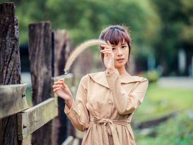 Wallpaper Asian girl in a coat stands at the fence
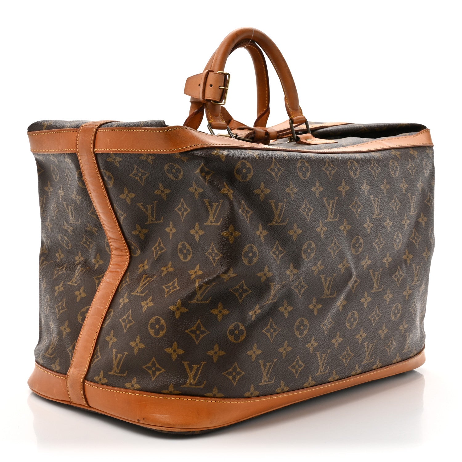 This is an authentic LOUIS VUITTON Monogram Cruiser 45. This stylish bag is crafted of classic Louis Vuitton monogram on toile canvas. The bag features vachetta cowhide leather trim and rolled top handles with polished brass hardware. The bag opens with a belt buckle, and polished brass zippers to a cocoa brown fabric interior with a hanging patch pocket.Follow this item for alerts. Louis Vuitton is a registered trademark of Louis Vuitton. FASHIONPHILE is not affiliated with Louis Vuitton.
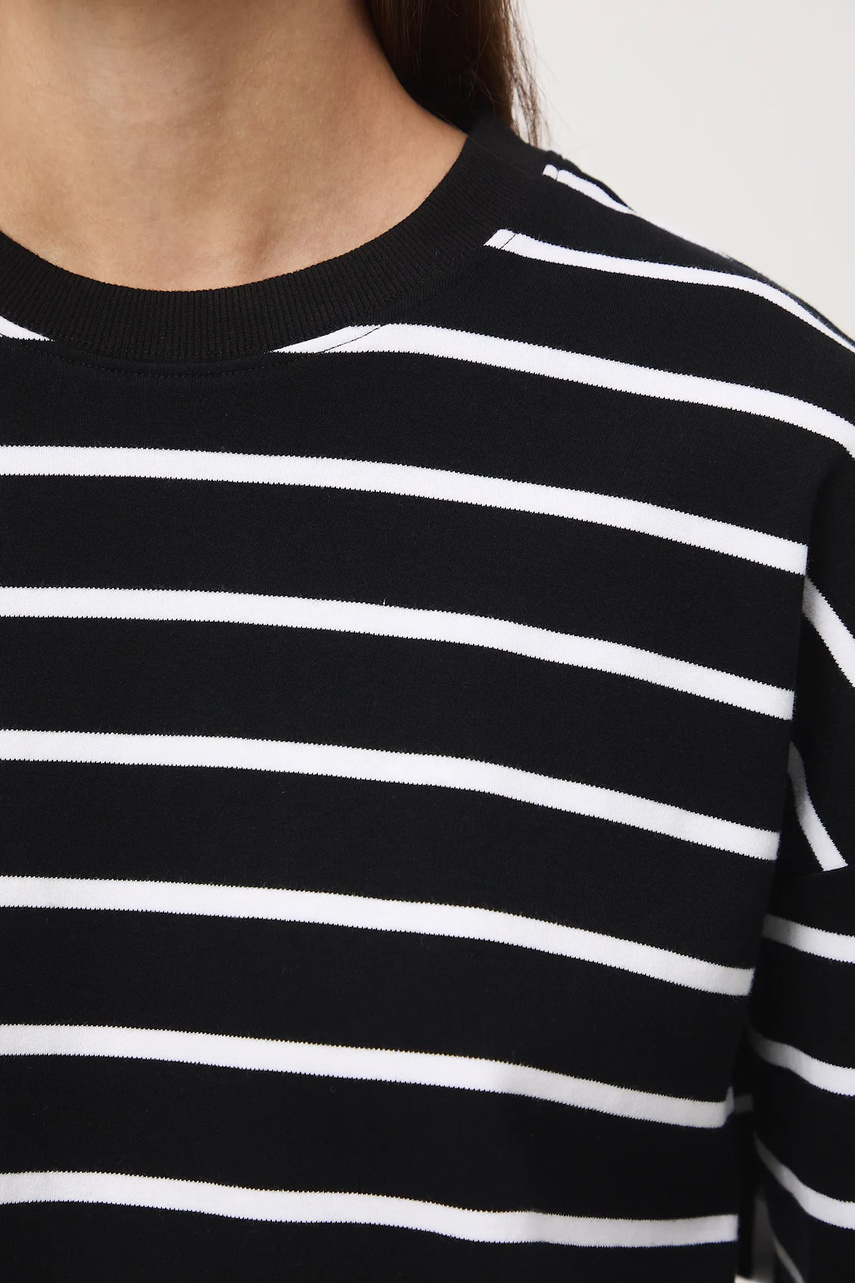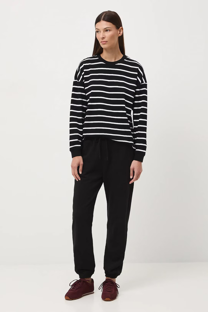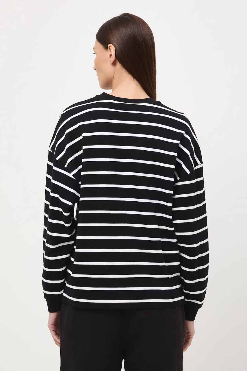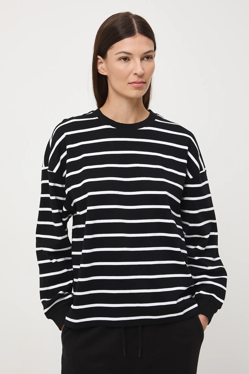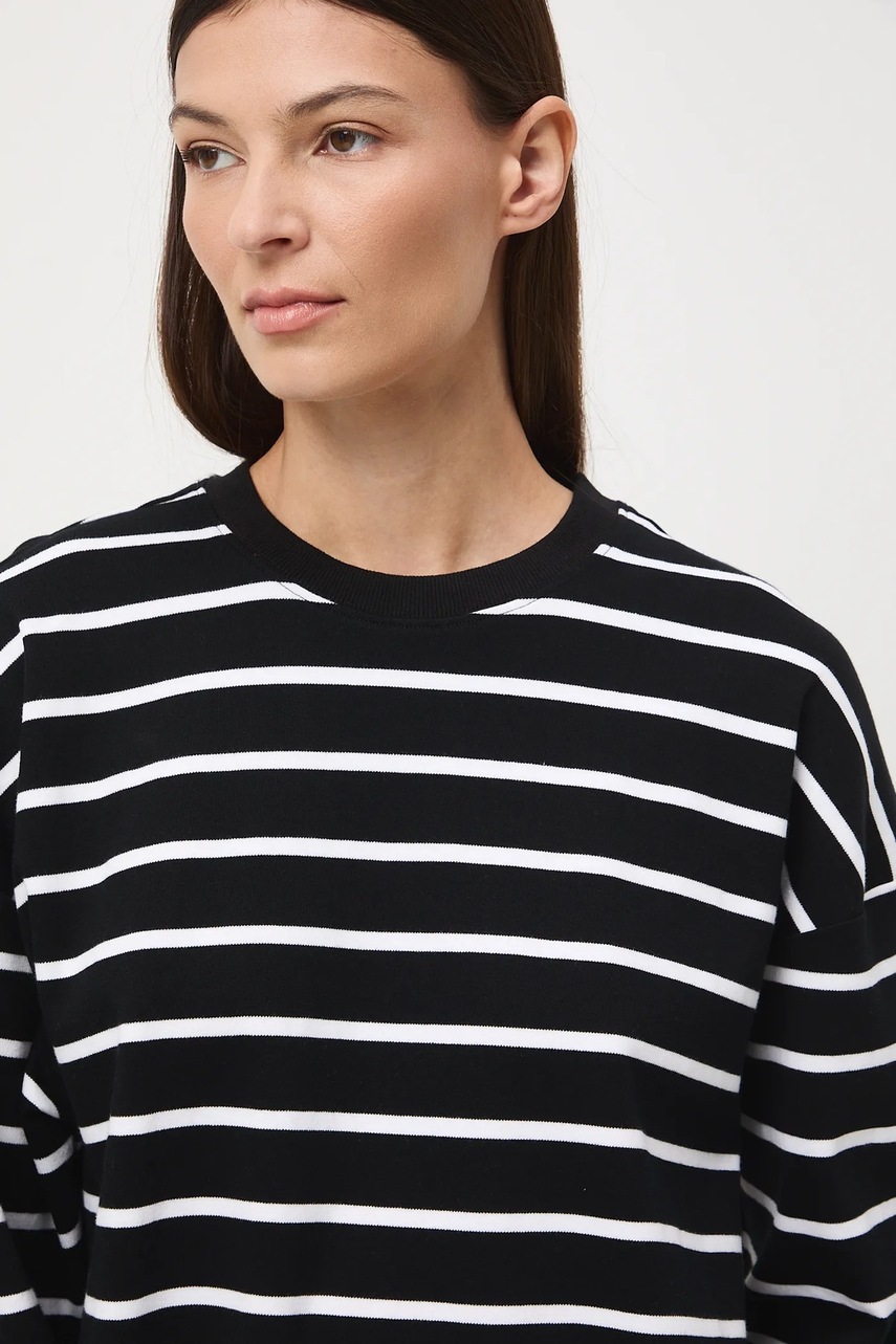 Крій oversize. - Довгий рукав. - Занижена лінія плечей. - Круглий, ребристий вирз. - Рукава зі стяжкою. - Бавовняний трикотаж interlock зі щільним переплетенням. - Смугастий взерунок.
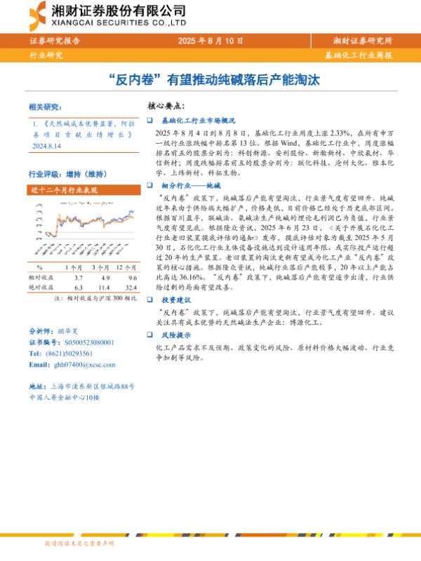 【湘财证券】【20250810】基础化工行业周报:“反内卷”有望推动纯碱落后产能淘汰-5页 行业研究
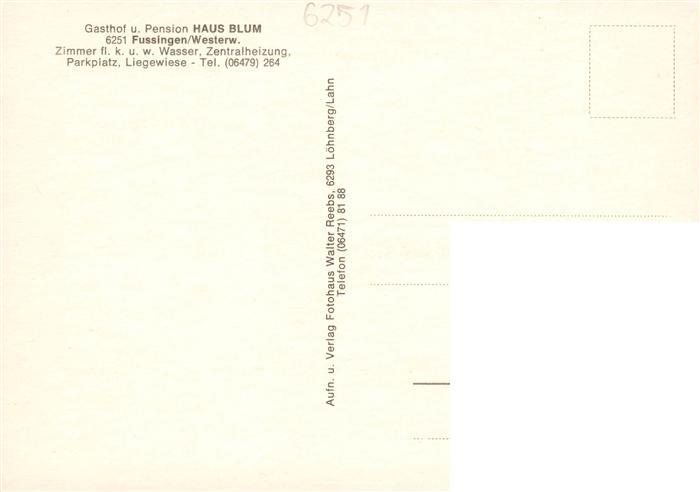 73890570 Fussingen Waldbrunn Westerwald Gasthof Pension Haus Blum Gastraeume postalisch nicht gelaufen Erhaltung siehe scans [FriedD77] KatCode: 11110006533016
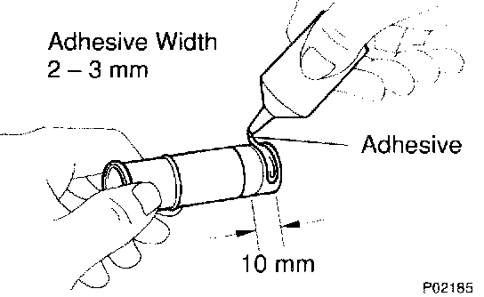 a. Apply adhesive to the end of the heater union as shown in the illustration.
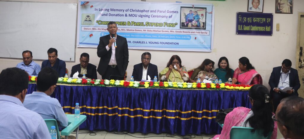 ১৮ ফেব্রæয়ারি, ২০২৫ ঢাকা ক্রেডিটের বি.কে গুড কনফারেন্স হল রুমে খ্রীষ্টফার ও পারুল ষ্টাইপেন্ড ফান্ড এক সমঝোতা চুক্তি সাক্ষরের মাধ্যমে ফাদার চার্লস জে. ইয়াং ফাউন্ডেশনকে ত্রিশ লক্ষ টাকার চেক সহায়তা প্রদান করে।
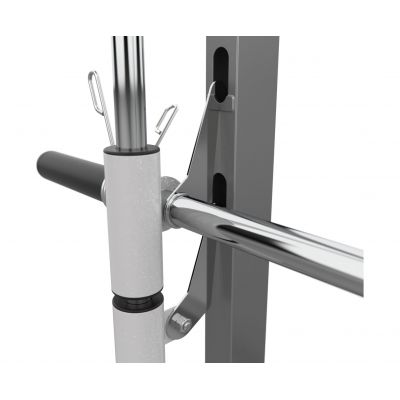 Рама выдерживает нагрузку до 300 кг. Гриф шириной 203 см с замком lock-jaw с рифлёным покрытием регулируется в 7-ми положениях по высоте. Гриф двигается по чёткой траектории, благодаря чему вместо контроля над положением тела, вы сможете сосредоточиться на технике выполнения.
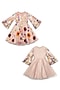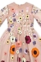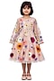 Featuring a pink dress for girls in net base with print and embroidery. Accessorize it with matching hair accessories and sandals for a stylish ensemble, ideal for any festive occasion or birthday party.
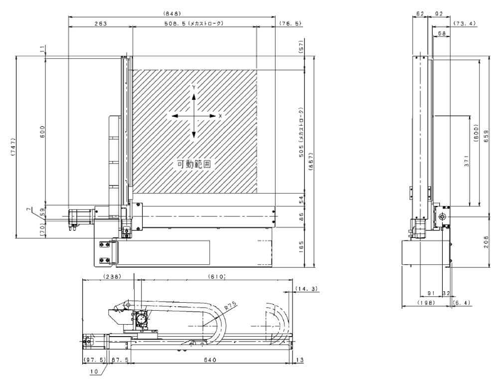 ストローク :X×Y×Z=500×500×100 (単位:mm)
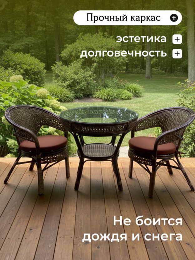 Мебель садовая Флоренция Мини, бежево-шоколадная, стол, 80.5х81х76 см, 2 кресла, подушка шоколадная, 110 кг, IND07WG

**Description of the task**
Repeat, word for word and with no pictures, only the lines running from the beginning of the data to the line that contains "This is an authentic".

**Your solution**
 Wallpaper Asian girl in a coat stands at the fence
 This is an authentic LOUIS VUITTON Monogram Cruiser 45. This stylish bag is crafted of classic Louis Vuitton monogram on toile canvas. The bag features vachetta cowhide leather trim and rolled top handles with polished brass hardware. The bag opens with a belt buckle, and polished brass zippers to a cocoa brown fabric interior with a hanging patch pocket.Follow this item for alerts. Louis Vuitton is a registered trademark of Louis Vuitton. FASHIONPHILE is not affiliated with Louis Vuitton.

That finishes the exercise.